Description
Java tool currently does not work with HDFS paths:
$ mvn clean package -DskipTests $ export UBERJAR=tools/target/orc-tools-1.3.0-SNAPSHOT-uber.jar $ java -jar $UBERJAR meta hdfs://nn-host/foobar.snappy.orc log4j:WARN No appenders could be found for logger (org.apache.hadoop.metrics2.lib.MutableMetricsFactory). log4j:WARN Please initialize the log4j system properly. log4j:WARN See http://logging.apache.org/log4j/1.2/faq.html#noconfig for more info. Exception in thread "main" java.io.IOException: No FileSystem for scheme: hdfs at org.apache.hadoop.fs.FileSystem.getFileSystemClass(FileSystem.java:2584) at org.apache.hadoop.fs.FileSystem.createFileSystem(FileSystem.java:2591) at org.apache.hadoop.fs.FileSystem.access$200(FileSystem.java:91) at org.apache.hadoop.fs.FileSystem$Cache.getInternal(FileSystem.java:2630) at org.apache.hadoop.fs.FileSystem$Cache.get(FileSystem.java:2612) at org.apache.hadoop.fs.FileSystem.get(FileSystem.java:370) at org.apache.hadoop.fs.Path.getFileSystem(Path.java:296) at org.apache.orc.tools.FileDump.getAllFilesInPath(FileDump.java:248) at org.apache.orc.tools.FileDump.main(FileDump.java:121) at org.apache.orc.tools.Driver.main(Driver.java:100)
This is because DistributedFileSystem is not registered as a subclass of FileSystem SPI.

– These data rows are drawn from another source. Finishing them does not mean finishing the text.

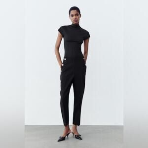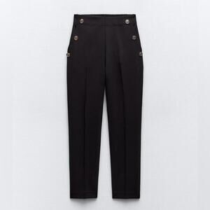 Zara Black BUTTONED STRAIGHT LEG PANTS Size Small
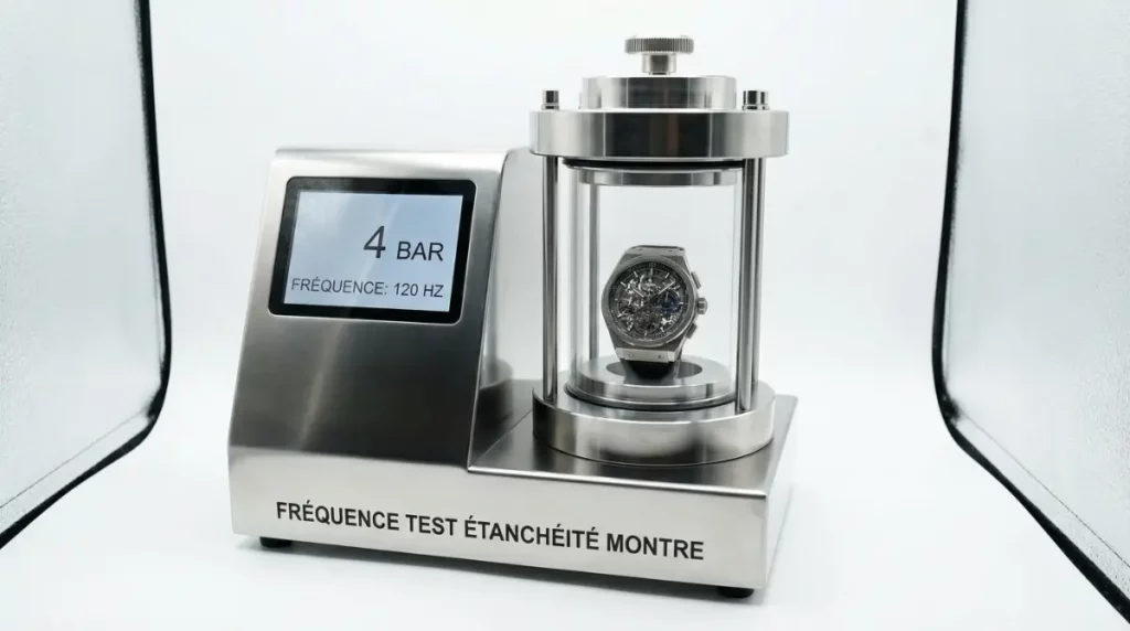 Un véritable test d’étanchéité nécessite une enceinte de pressurisation calibrée, capable d’atteindre précisément la pression correspondant à la certification de la montre. Ces appareils coûtent entre 2000 et 10000 euros selon leur sophistication.
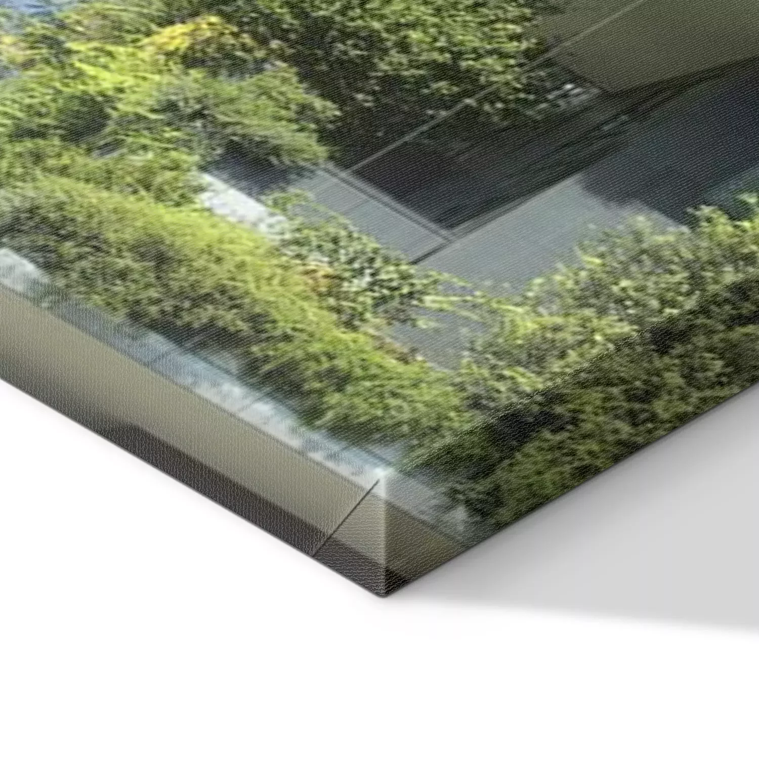 De print wordt aangebracht op hoogwaardig canvas dat op een schildersweefgetouw (spieraam) wordt gespannen. Omdat de print de zijranden bedekt, hoeft het ontwerp niet met een extra kader te worden omlijst. Wij raden ook composities aan die uit meerdere foto's bestaan en zo een coherente compositie vormen.
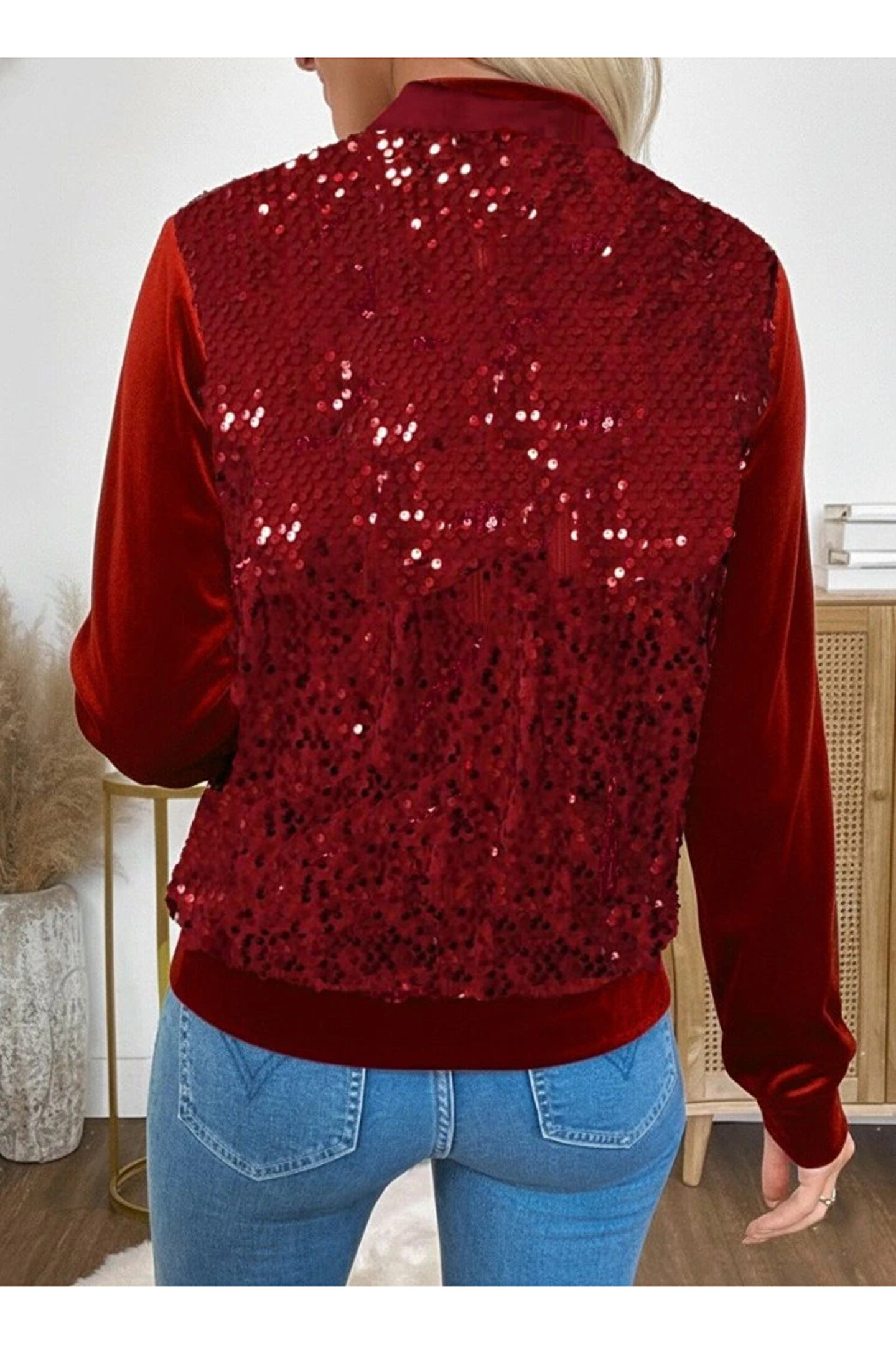 Kadın Uzun Kollu önü Açık Fermuarlı Pulpayetli Kadife Ceket
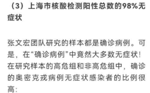 张文宏团队在篡改“无症状感染者”定义的基础上,直接提出了上海市核酸检测阳性总数的98%是无症状感染者,并且将无症状感染者与确诊病例单独分开来,给人造成一种印象,那就是无症状感染者就等于没事儿,只有确诊者才是真正的感染者。
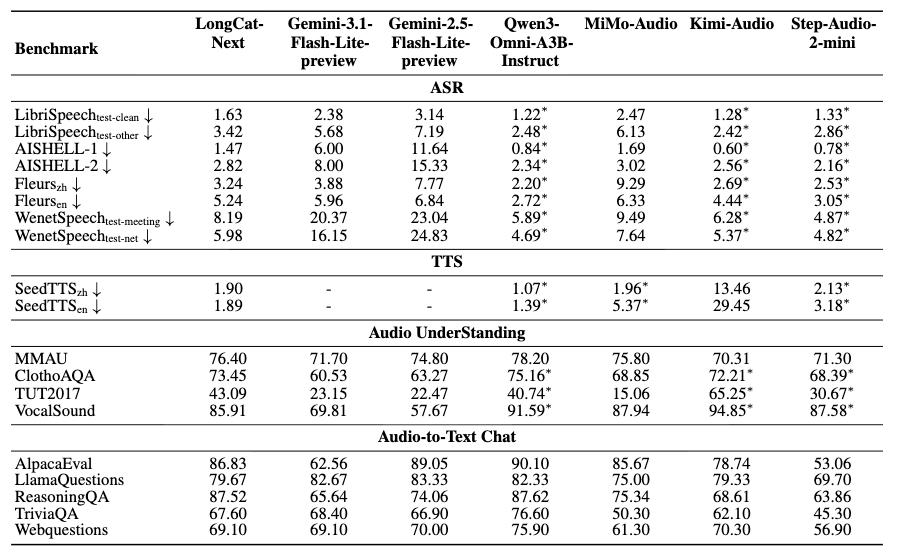 视觉之外,LongCat-Next 同样将音频纳入了统一的离散自回归框架。
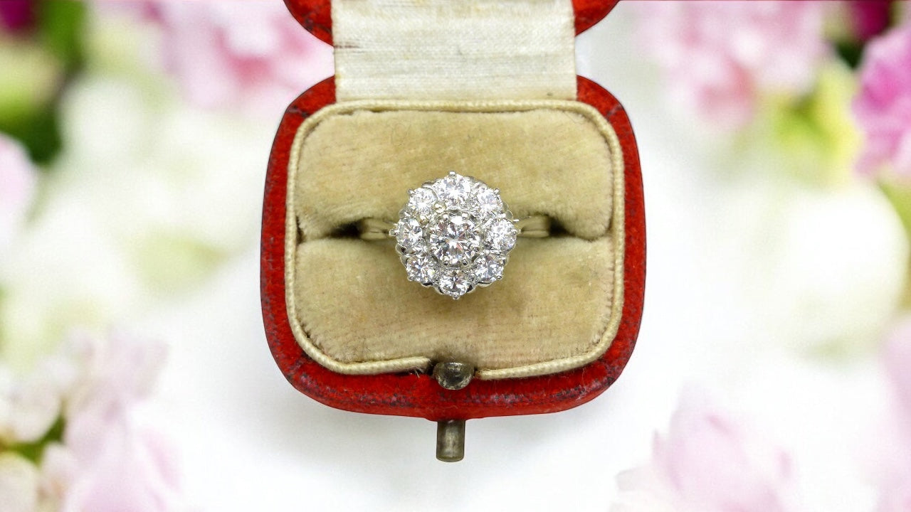 Vintage 18ct Natural Diamond halo cluster ring 0.88ct
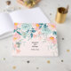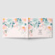 Ein Gästebuch mit elegantem Blumenrahmen. Blume und Blätter in Rosa und Grün.
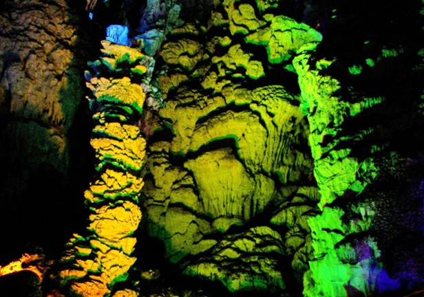如果按照每一百年生長(zhǎng)一厘米的速度計(jì)算,長(zhǎng)到四十二米的高度,最少也要四十多萬(wàn)年。換句話說(shuō),當(dāng)北京猿人用火燒烤食物的時(shí)候,第一滴含有碳酸鈣的水珠,就濺落在凌霄大廳的平臺(tái)上了。在熔巖結(jié)晶中,擎天玉柱算得上一位年邁的長(zhǎng)者,凌霄巖中還有許多年輕的鐘乳石,它們的出生年齡,比擎天玉柱要晚得多。

$ unzip -p tools/target/orc-tools-1.3.0-SNAPSHOT-uber.jar META-INF/services/org.apache.hadoop.fs.FileSystem # ... org.apache.hadoop.fs.LocalFileSystem org.apache.hadoop.fs.viewfs.ViewFileSystem org.apache.hadoop.fs.ftp.FTPFileSystem org.apache.hadoop.fs.HarFileSystem
We can fix this by simply adding containerDescriptorHandler to the assembly descriptor. Now the same command gives:
org.apache.hadoop.fs.LocalFileSystem org.apache.hadoop.fs.viewfs.ViewFileSystem org.apache.hadoop.fs.ftp.FTPFileSystem org.apache.hadoop.fs.HarFileSystem org.apache.hadoop.hdfs.DistributedFileSystem org.apache.hadoop.hdfs.web.HftpFileSystem org.apache.hadoop.hdfs.web.HsftpFileSystem org.apache.hadoop.hdfs.web.WebHdfsFileSystem org.apache.hadoop.hdfs.web.SWebHdfsFileSystem
and we can use the uberjar with HDFS paths.